→ RECORDS TO PROCESS
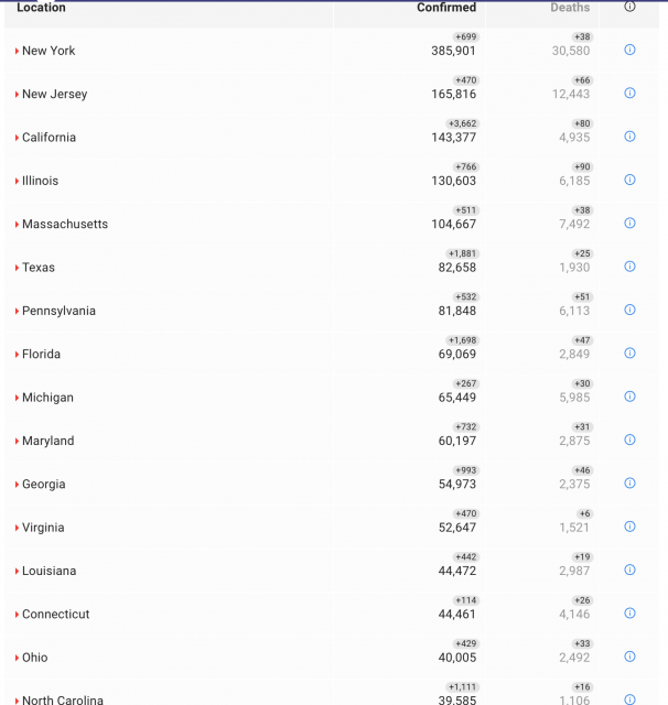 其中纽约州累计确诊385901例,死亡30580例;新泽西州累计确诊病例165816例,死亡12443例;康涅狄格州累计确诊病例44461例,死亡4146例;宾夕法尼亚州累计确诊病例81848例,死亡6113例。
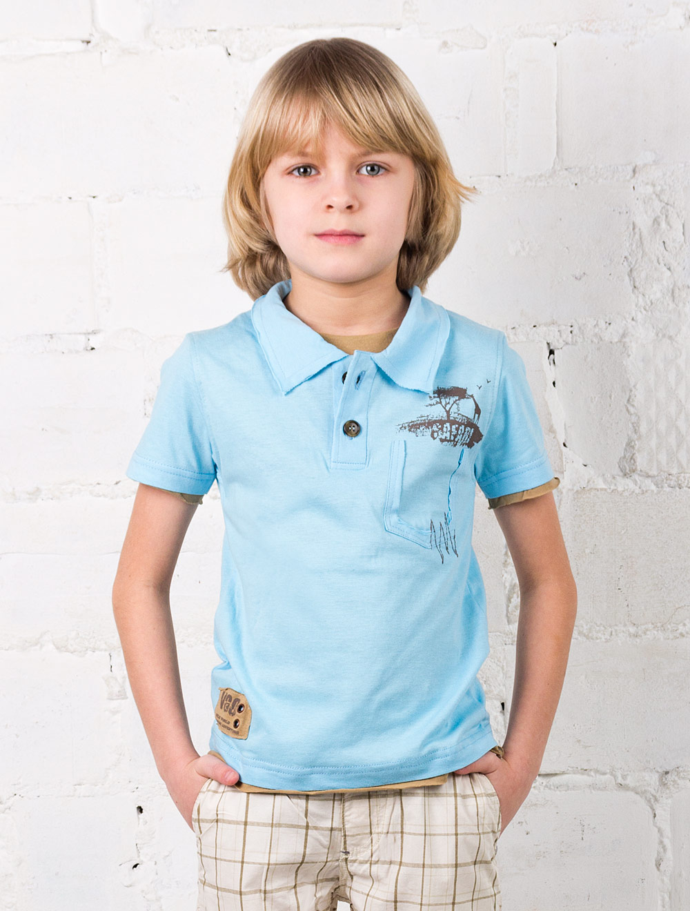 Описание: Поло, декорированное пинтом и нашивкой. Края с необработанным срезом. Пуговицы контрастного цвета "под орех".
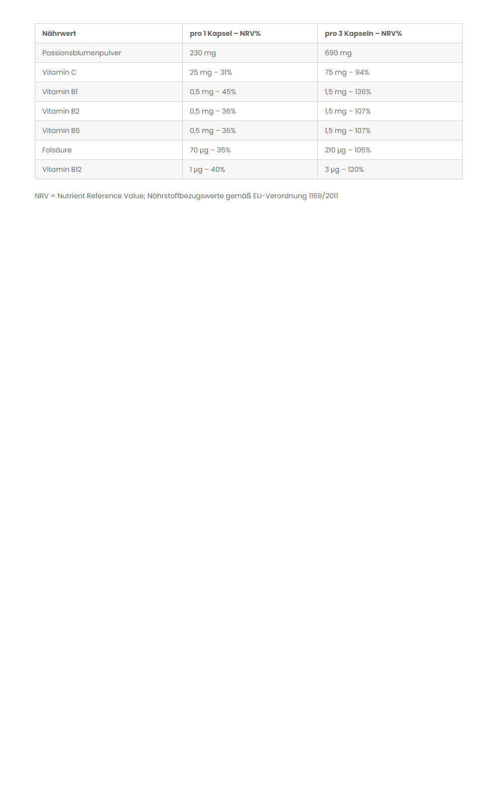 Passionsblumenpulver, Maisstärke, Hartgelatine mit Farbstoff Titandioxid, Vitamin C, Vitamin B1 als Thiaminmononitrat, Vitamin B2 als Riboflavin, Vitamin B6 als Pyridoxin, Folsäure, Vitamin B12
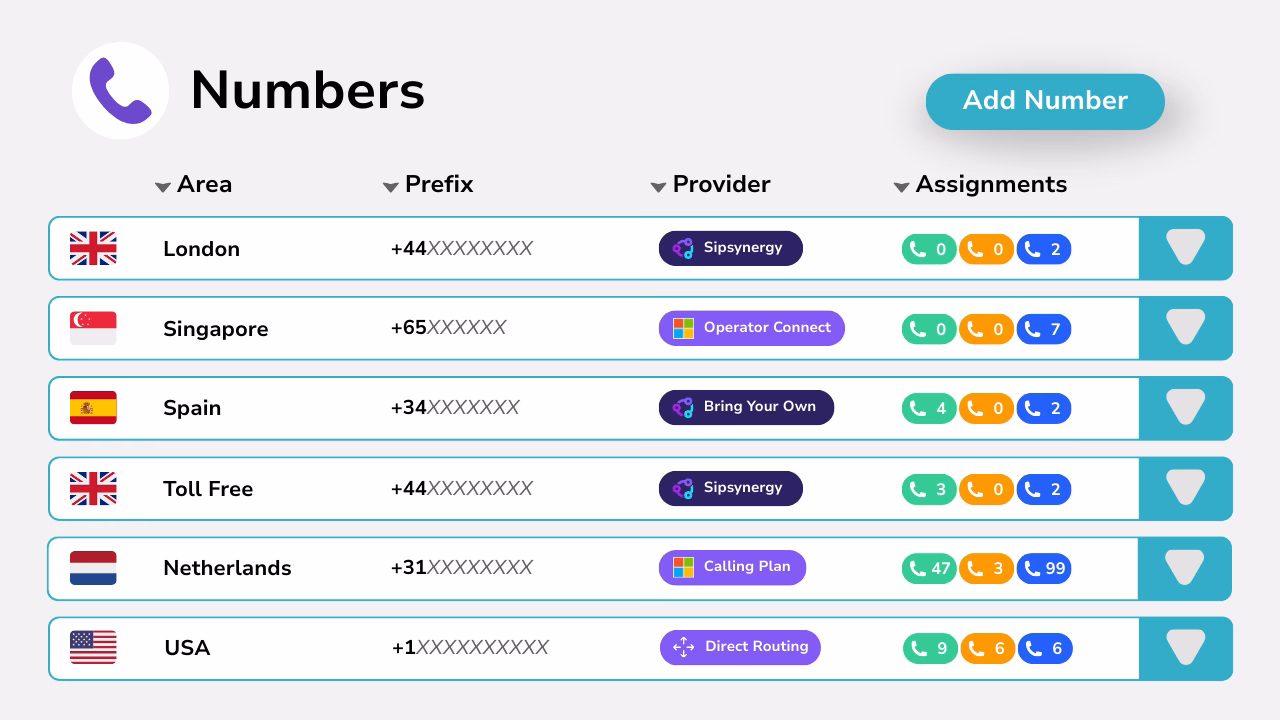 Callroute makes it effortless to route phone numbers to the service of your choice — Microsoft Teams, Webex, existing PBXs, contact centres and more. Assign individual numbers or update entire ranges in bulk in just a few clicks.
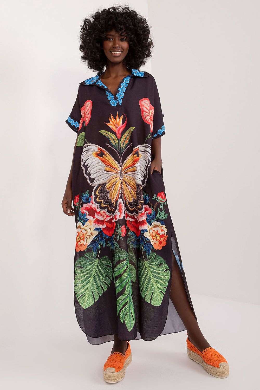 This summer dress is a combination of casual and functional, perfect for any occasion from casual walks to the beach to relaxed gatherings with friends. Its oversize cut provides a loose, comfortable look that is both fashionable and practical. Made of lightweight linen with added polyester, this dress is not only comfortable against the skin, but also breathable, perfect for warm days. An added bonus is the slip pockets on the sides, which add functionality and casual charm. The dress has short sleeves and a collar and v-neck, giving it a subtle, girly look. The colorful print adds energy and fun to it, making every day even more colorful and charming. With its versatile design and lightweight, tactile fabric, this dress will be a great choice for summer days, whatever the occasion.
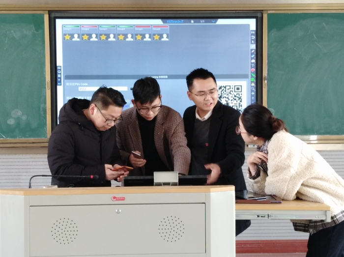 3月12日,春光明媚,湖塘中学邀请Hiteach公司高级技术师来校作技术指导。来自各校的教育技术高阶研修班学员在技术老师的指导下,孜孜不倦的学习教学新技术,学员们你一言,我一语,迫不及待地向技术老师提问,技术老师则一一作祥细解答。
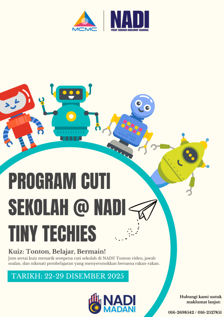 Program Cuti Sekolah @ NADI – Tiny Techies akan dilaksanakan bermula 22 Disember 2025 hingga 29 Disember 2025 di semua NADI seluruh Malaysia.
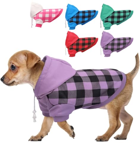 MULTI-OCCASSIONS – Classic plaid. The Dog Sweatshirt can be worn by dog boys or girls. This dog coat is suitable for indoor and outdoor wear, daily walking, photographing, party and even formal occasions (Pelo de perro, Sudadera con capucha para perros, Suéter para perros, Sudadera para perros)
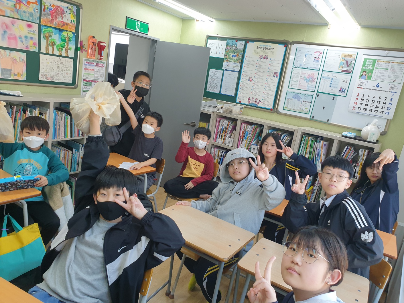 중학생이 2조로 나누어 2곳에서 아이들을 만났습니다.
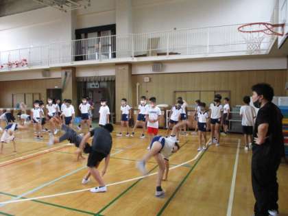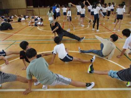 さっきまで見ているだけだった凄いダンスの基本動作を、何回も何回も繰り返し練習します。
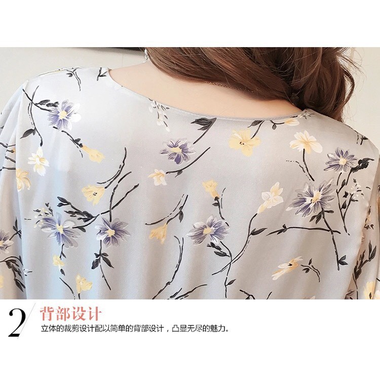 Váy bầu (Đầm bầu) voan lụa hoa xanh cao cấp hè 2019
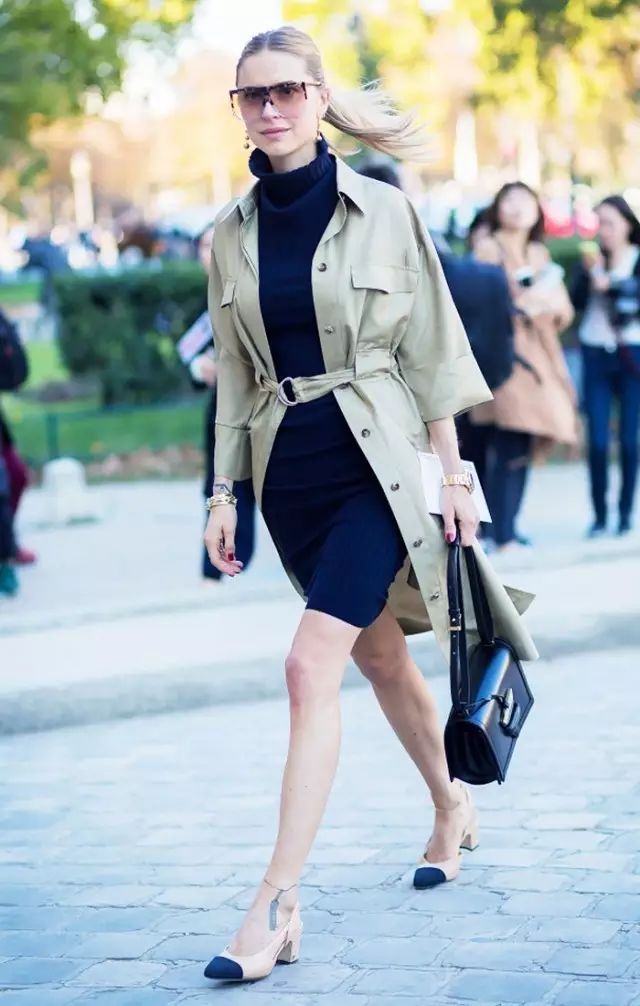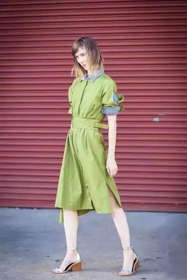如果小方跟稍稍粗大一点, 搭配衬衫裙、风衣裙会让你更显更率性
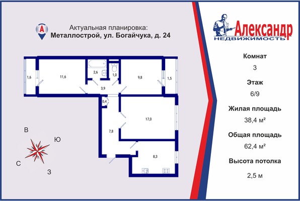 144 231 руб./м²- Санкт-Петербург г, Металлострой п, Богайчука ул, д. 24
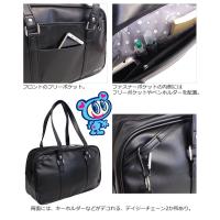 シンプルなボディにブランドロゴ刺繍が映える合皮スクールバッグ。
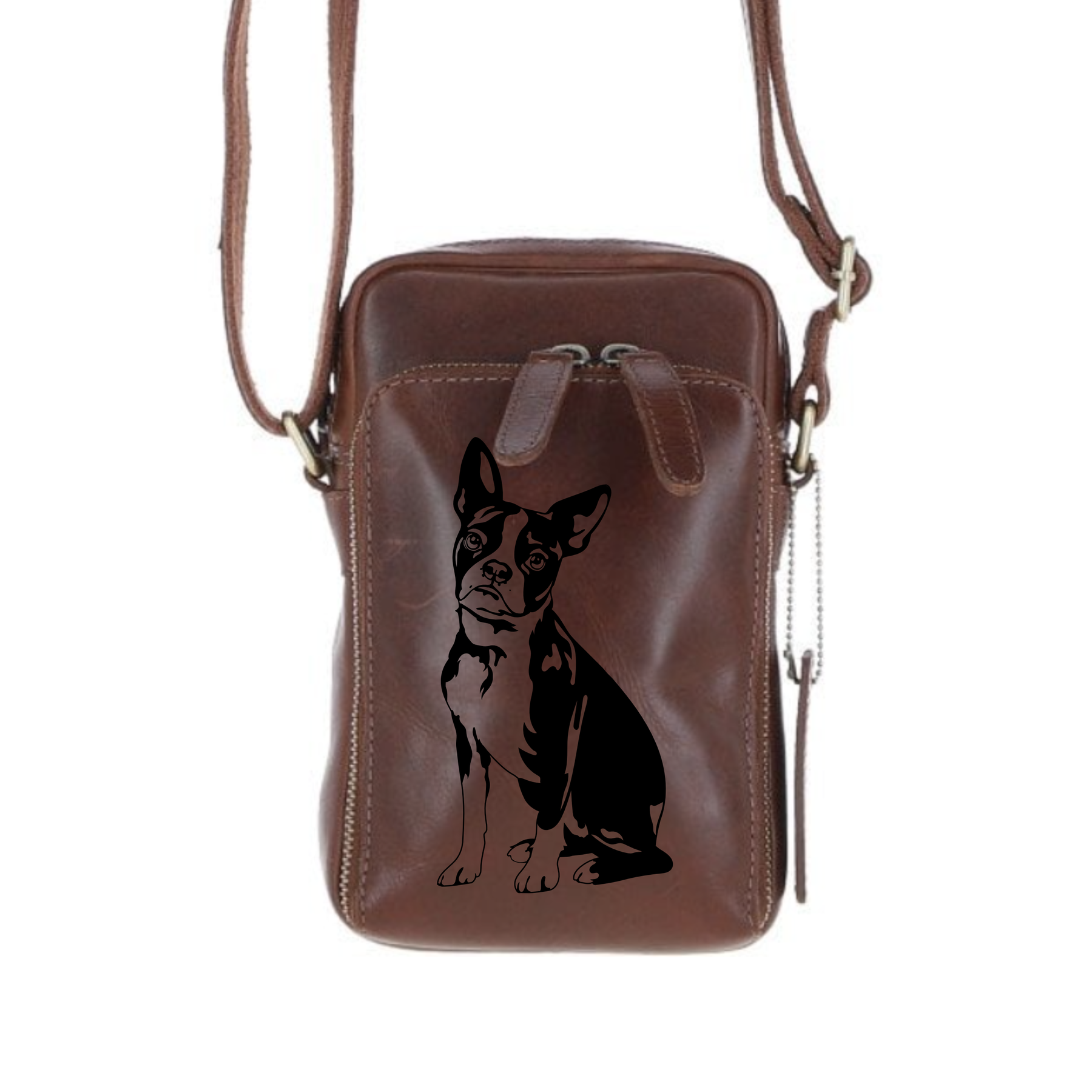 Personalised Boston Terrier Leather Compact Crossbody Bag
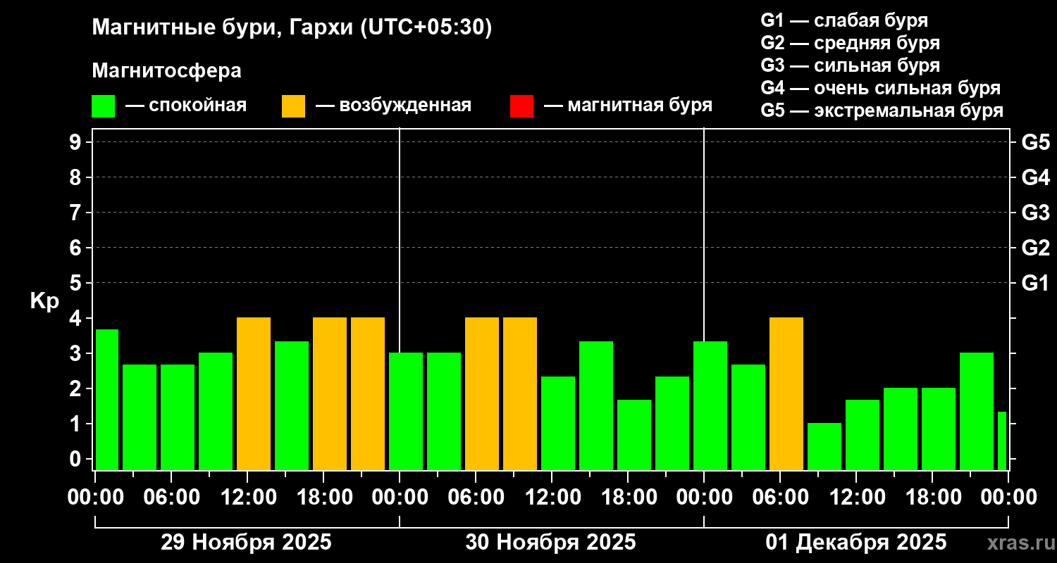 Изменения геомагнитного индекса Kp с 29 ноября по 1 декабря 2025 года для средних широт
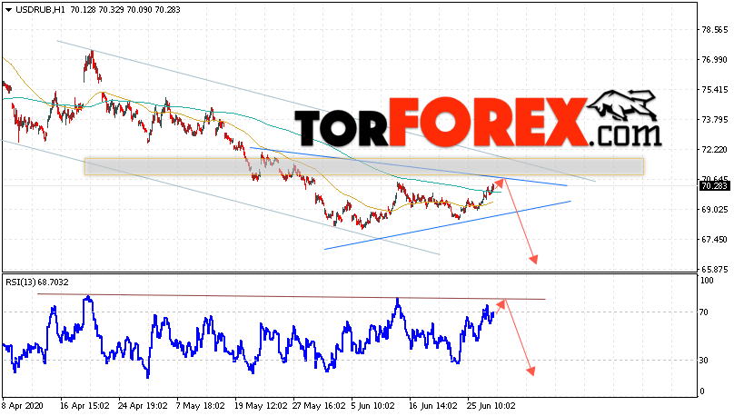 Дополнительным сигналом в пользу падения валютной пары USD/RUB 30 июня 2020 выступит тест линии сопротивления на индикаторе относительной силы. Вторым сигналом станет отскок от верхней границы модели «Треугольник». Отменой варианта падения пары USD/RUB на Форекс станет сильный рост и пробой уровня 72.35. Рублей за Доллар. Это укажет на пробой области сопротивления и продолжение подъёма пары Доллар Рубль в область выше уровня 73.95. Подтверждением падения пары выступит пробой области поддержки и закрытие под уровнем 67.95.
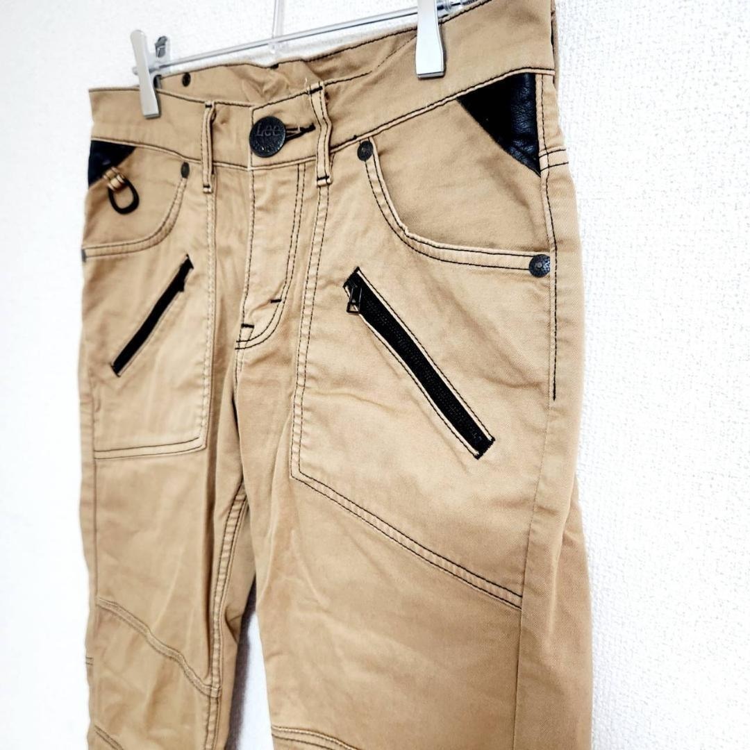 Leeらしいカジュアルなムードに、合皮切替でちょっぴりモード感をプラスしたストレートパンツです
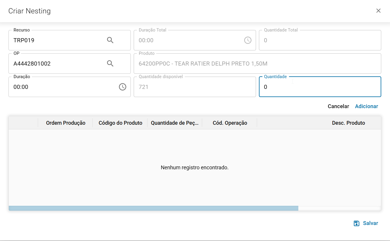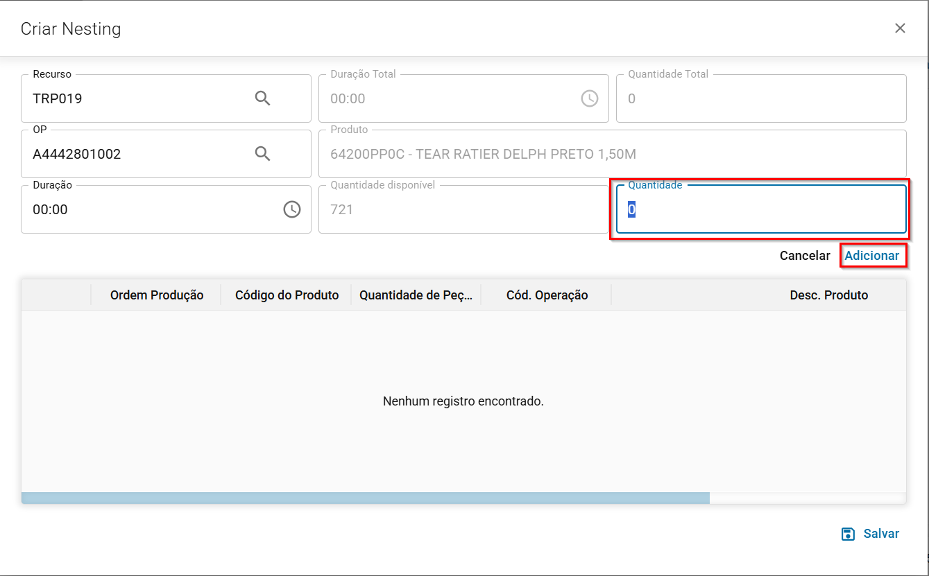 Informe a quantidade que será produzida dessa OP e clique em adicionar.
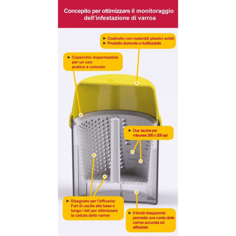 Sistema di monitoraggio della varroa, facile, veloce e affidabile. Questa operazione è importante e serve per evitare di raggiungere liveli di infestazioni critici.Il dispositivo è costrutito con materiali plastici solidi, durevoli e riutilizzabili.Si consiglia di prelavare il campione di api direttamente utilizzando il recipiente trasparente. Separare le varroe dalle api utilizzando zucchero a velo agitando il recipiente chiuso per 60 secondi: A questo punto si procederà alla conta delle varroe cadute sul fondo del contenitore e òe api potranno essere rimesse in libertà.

→ INSTRUCTIONS TO FOLLOW
Repeat, word for word, the lines of the material above from the one holding "さっきまで見ているだけだった" through the one holding "Informe a quantidade". Leave out pictures.

→ RESULT
 さっきまで見ているだけだった凄いダンスの基本動作を、何回も何回も繰り返し練習します。
 Váy bầu (Đầm bầu) voan lụa hoa xanh cao cấp hè 2019
如果小方跟稍稍粗大一点, 搭配衬衫裙、风衣裙会让你更显更率性
 144 231 руб./м²- Санкт-Петербург г, Металлострой п, Богайчука ул, д. 24
 シンプルなボディにブランドロゴ刺繍が映える合皮スクールバッグ。
 Personalised Boston Terrier Leather Compact Crossbody Bag
 Изменения геомагнитного индекса Kp с 29 ноября по 1 декабря 2025 года для средних широт
 Дополнительным сигналом в пользу падения валютной пары USD/RUB 30 июня 2020 выступит тест линии сопротивления на индикаторе относительной силы. Вторым сигналом станет отскок от верхней границы модели «Треугольник». Отменой варианта падения пары USD/RUB на Форекс станет сильный рост и пробой уровня 72.35. Рублей за Доллар. Это укажет на пробой области сопротивления и продолжение подъёма пары Доллар Рубль в область выше уровня 73.95. Подтверждением падения пары выступит пробой области поддержки и закрытие под уровнем 67.95.
 Leeらしいカジュアルなムードに、合皮切替でちょっぴりモード感をプラスしたストレートパンツです
 Informe a quantidade que será produzida dessa OP e clique em adicionar.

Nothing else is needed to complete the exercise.